What you are asked to do
Beneath this line sits some data. Return only its lines from the one holding "ほぼ新車時のオリジナルコンデ" through the one holding "The sheer amount", inclusive, exactly, with the images removed.

Information
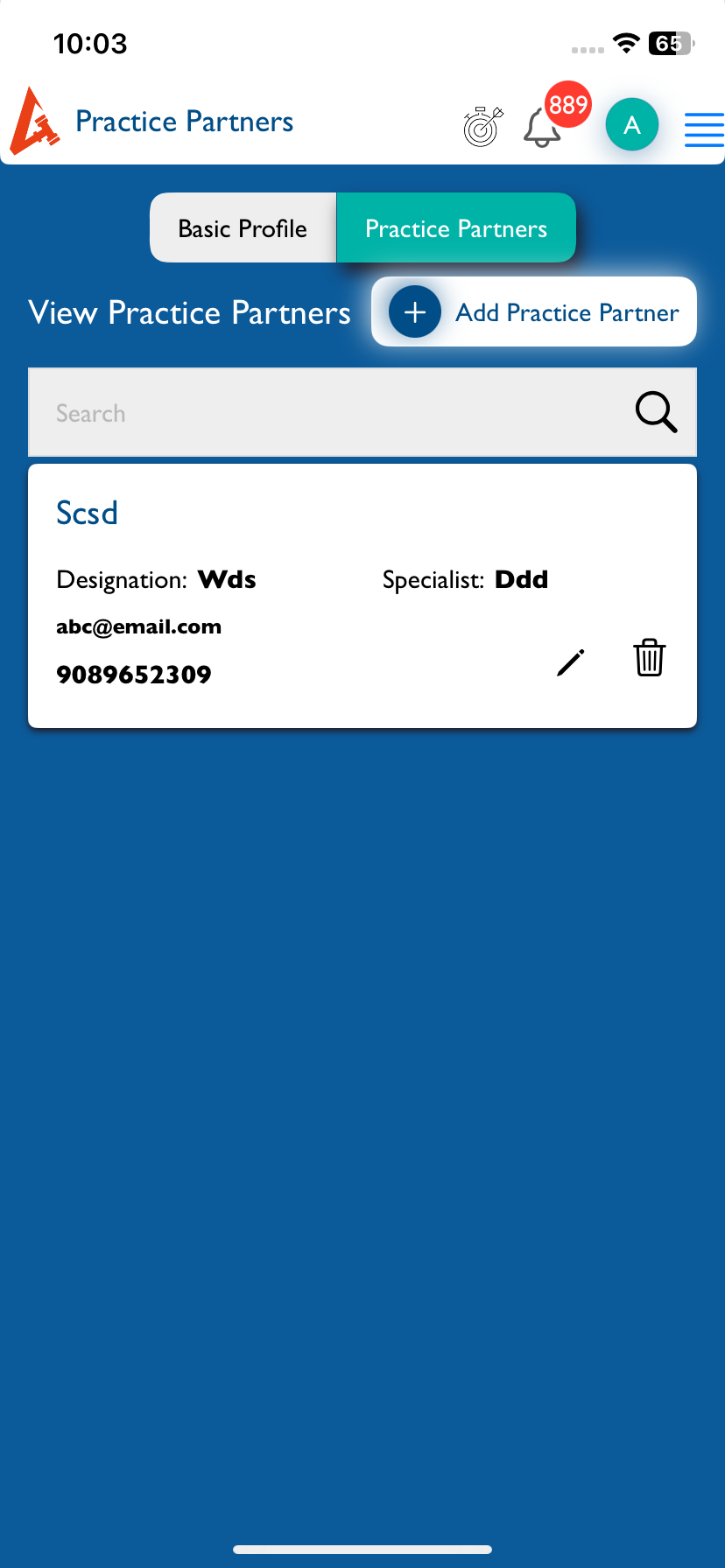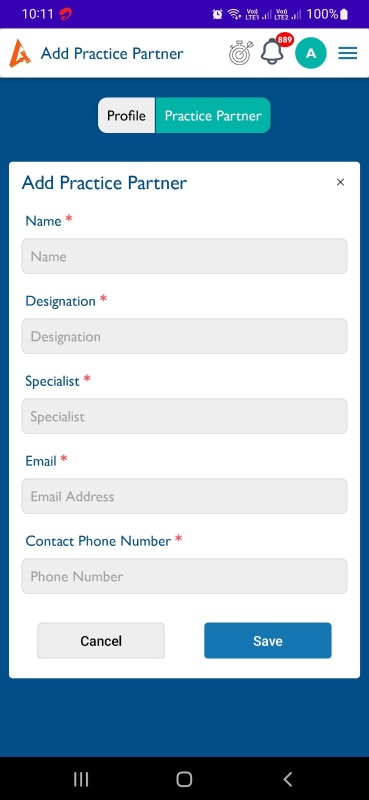 openFirm Profile(Practice partners):- Current page details are missing in Add and View Practice partner page
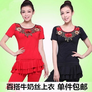• 宝贝名称: 2016广场舞服装新款夏季短袖绣花上衣成人女拉丁舞演出上装牛奶丝
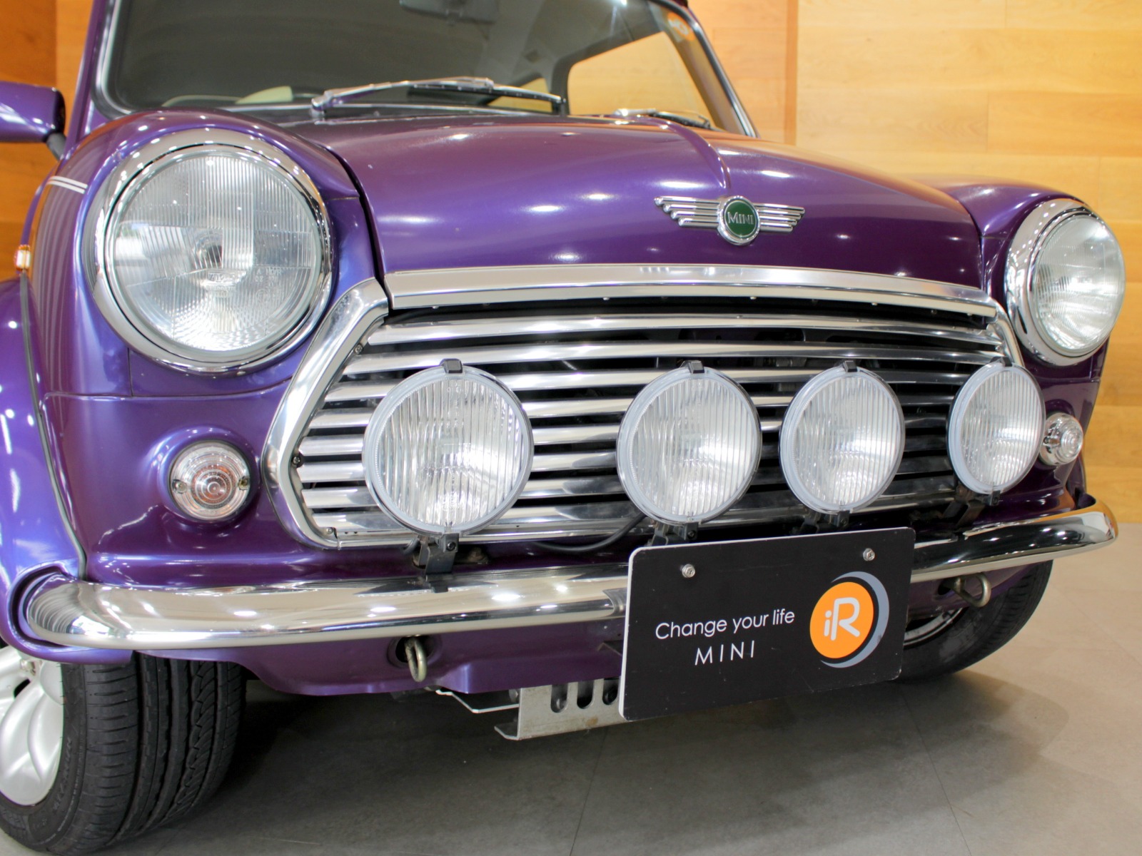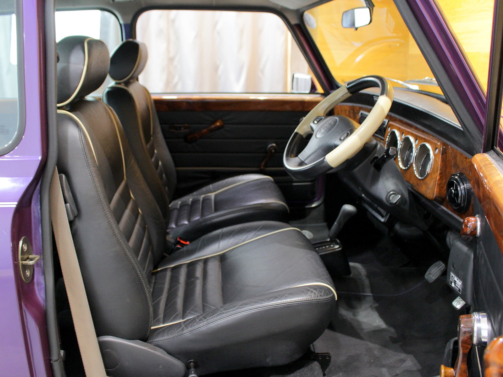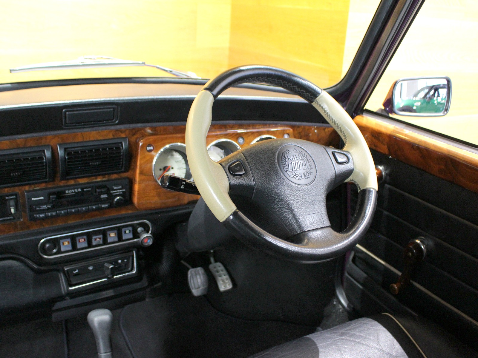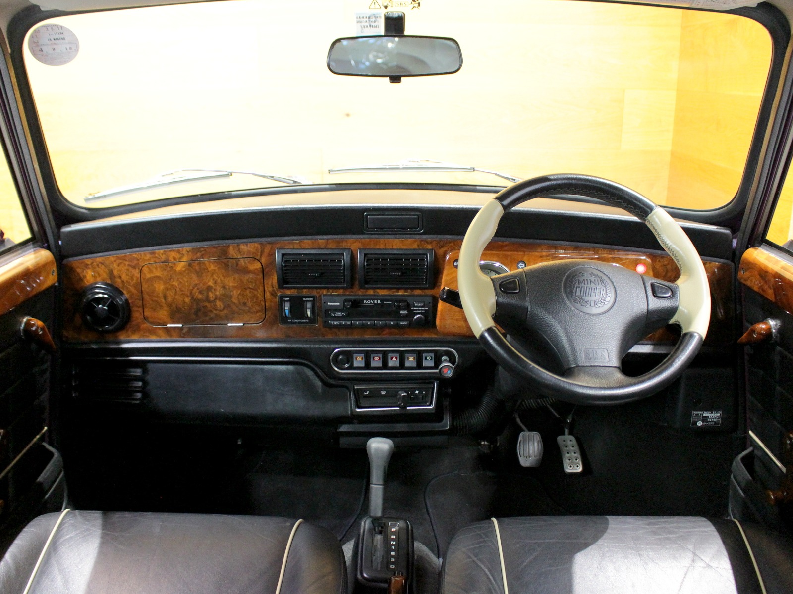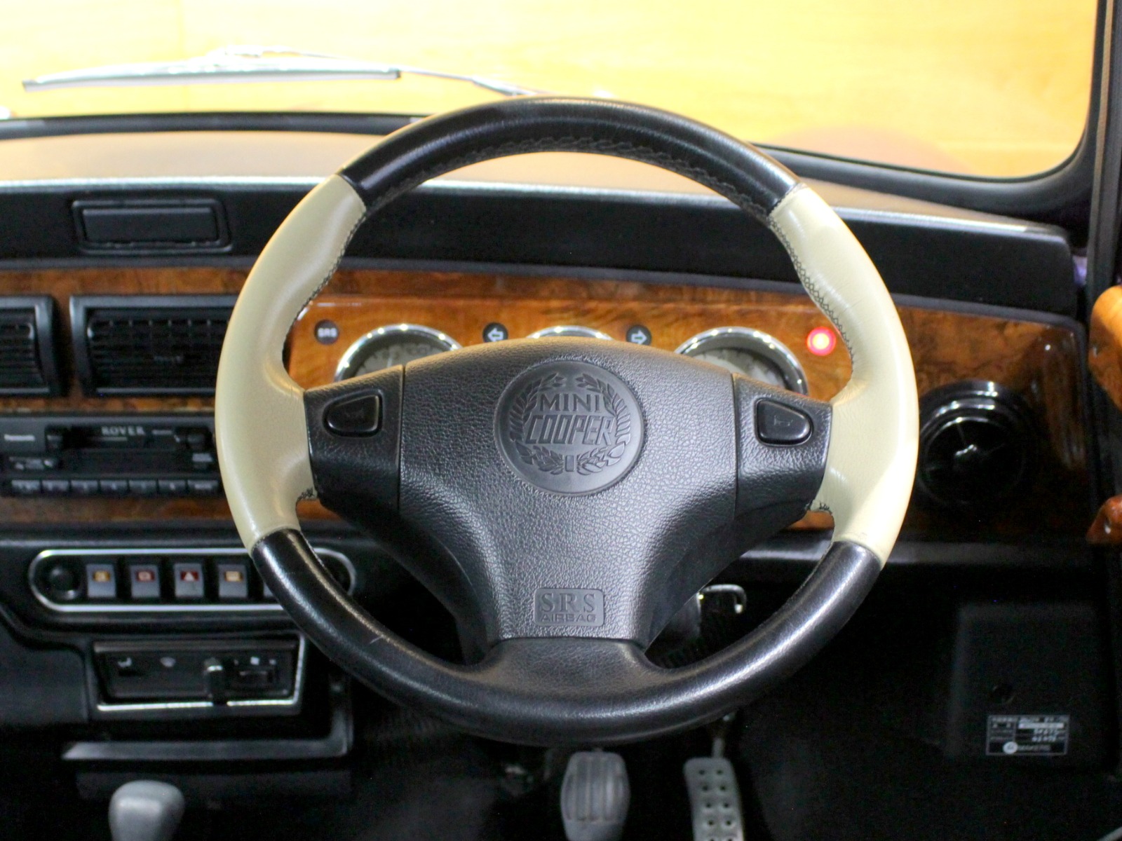 ほぼ新車時のオリジナルコンディションの一台で、純正オプションのウッドドアハンドルやCDチェンジャーといった希少な当時のオプションパーツもそのまま搭載されています。ローバーミニ必須装備のハイローキットやアンダーガードは取付済み。
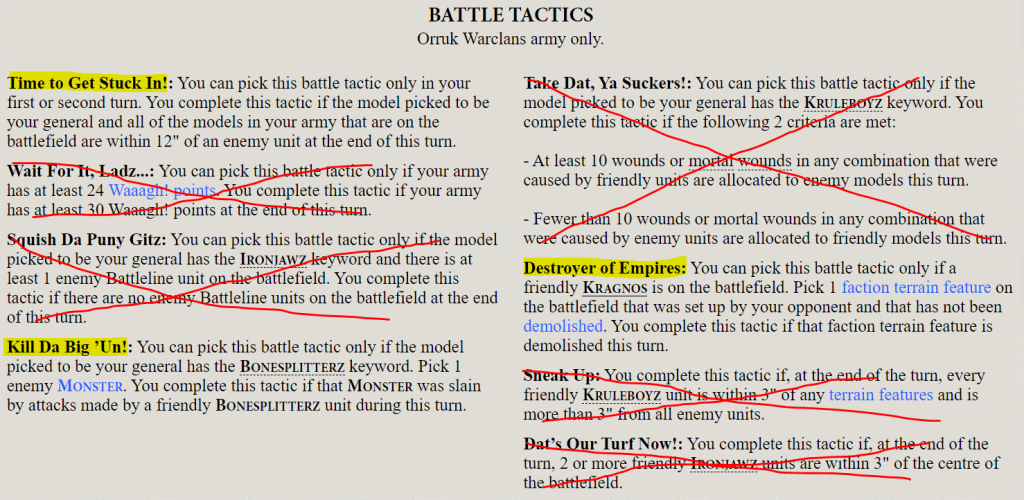 The sheer amount of red pen on that graphic illustrates just how aggressively Bonesplitterz have been screwed over. And I’m being generous by not crossing out the Kragnos one, because it’s not really a Bonesplitterz tactic: it requires a 720-point Not Bonesplitterz unit and it only ever works on a 3+.
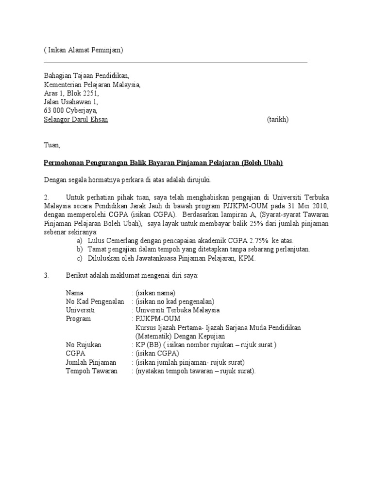 Contoh surat rayuan pengurangan bayaran penuh pinjaman bank. Contoh surat rayuan menangguhkan bayaran ptptn jika anda mengalami masalah untuk menyelesaikan bayaran ptptn anda seperti yang ditetapkan dalam surat tawaran pinjaman anda boleh menulis surat rayuan untuk menangguhkan bayaran tersebut. Contoh surat rayuan pengurangan bayaran mara online contoh surat rayuan pengurangan bayaran pinjaman bank contoh surat rayuan pengurangan bayaran saman contoh surat rayuan pengurangan bayaran ptptn contoh surat rayuan pengurangan pinjaman bank contoh surat rayuan pengurangan bayaran cukai pendapatan. Contoh surat rayuan pengurangan bayaran cukai pendapatan contoh surat rayuan pengurangan bayaran pinjaman bank contoh surat rayuan pengurangan bayaran ptptn contoh surat rayuan pengurangan bayaran balik pinjaman contoh surat rayuan pengurangan bayaran pinjaman. Saya juga memohon supaya bayaran pinjaman dikurangkan sehingga situasi pendapatan saya stabil.
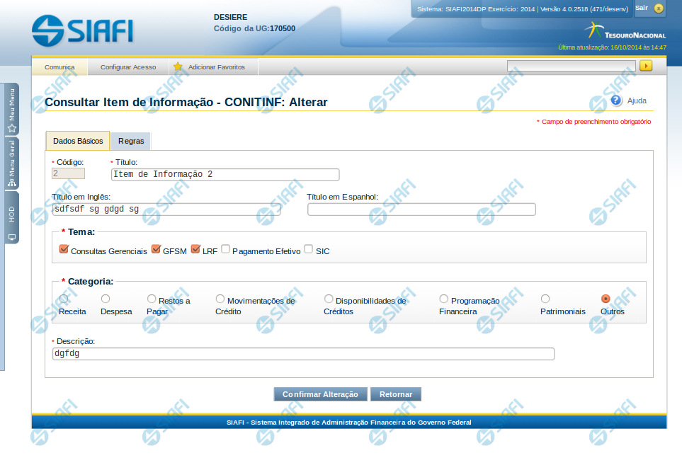 - LRF – selecione este valor para que o item de informação seja associado ao tema LRF

Response area
 ほぼ新車時のオリジナルコンディションの一台で、純正オプションのウッドドアハンドルやCDチェンジャーといった希少な当時のオプションパーツもそのまま搭載されています。ローバーミニ必須装備のハイローキットやアンダーガードは取付済み。
 The sheer amount of red pen on that graphic illustrates just how aggressively Bonesplitterz have been screwed over. And I’m being generous by not crossing out the Kragnos one, because it’s not really a Bonesplitterz tactic: it requires a 720-point Not Bonesplitterz unit and it only ever works on a 3+.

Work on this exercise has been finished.